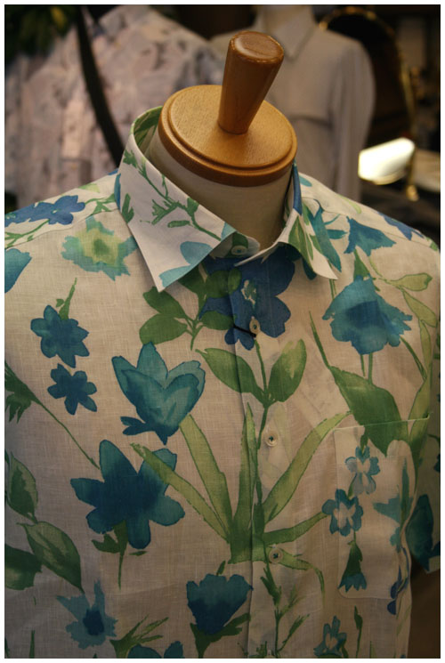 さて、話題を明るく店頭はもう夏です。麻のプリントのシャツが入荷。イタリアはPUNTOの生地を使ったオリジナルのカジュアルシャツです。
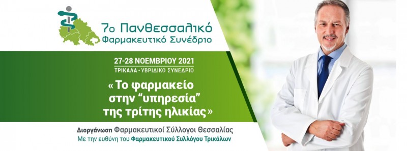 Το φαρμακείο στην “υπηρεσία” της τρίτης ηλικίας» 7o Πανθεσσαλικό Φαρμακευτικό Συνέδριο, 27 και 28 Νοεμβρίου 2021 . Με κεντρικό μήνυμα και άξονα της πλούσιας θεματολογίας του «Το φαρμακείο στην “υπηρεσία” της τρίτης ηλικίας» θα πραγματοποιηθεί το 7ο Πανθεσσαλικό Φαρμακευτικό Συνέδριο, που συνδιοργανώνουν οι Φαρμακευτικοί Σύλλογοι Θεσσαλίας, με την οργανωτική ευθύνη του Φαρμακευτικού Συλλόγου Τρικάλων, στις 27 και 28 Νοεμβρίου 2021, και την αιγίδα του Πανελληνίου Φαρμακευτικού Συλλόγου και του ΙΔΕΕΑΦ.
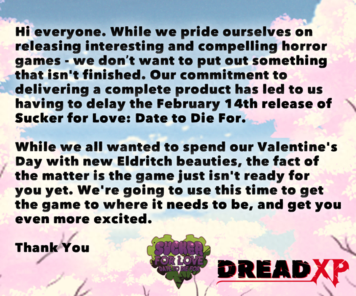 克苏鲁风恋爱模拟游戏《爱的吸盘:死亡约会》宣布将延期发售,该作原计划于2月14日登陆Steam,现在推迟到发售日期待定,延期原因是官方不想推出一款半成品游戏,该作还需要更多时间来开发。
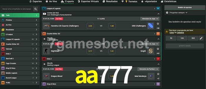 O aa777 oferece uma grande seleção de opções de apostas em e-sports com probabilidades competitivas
* * *
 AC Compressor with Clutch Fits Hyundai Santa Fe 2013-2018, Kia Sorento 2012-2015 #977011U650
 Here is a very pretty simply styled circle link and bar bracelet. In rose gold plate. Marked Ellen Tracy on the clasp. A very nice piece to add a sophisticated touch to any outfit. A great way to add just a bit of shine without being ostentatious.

### What you need to do
Set down precisely the lines above between the line holding "AC Compressor with" and the line holding "Here is a very", inclusive, and nothing beyond them.

### Result
 AC Compressor with Clutch Fits Hyundai Santa Fe 2013-2018, Kia Sorento 2012-2015 #977011U650
 Here is a very pretty simply styled circle link and bar bracelet. In rose gold plate. Marked Ellen Tracy on the clasp. A very nice piece to add a sophisticated touch to any outfit. A great way to add just a bit of shine without being ostentatious.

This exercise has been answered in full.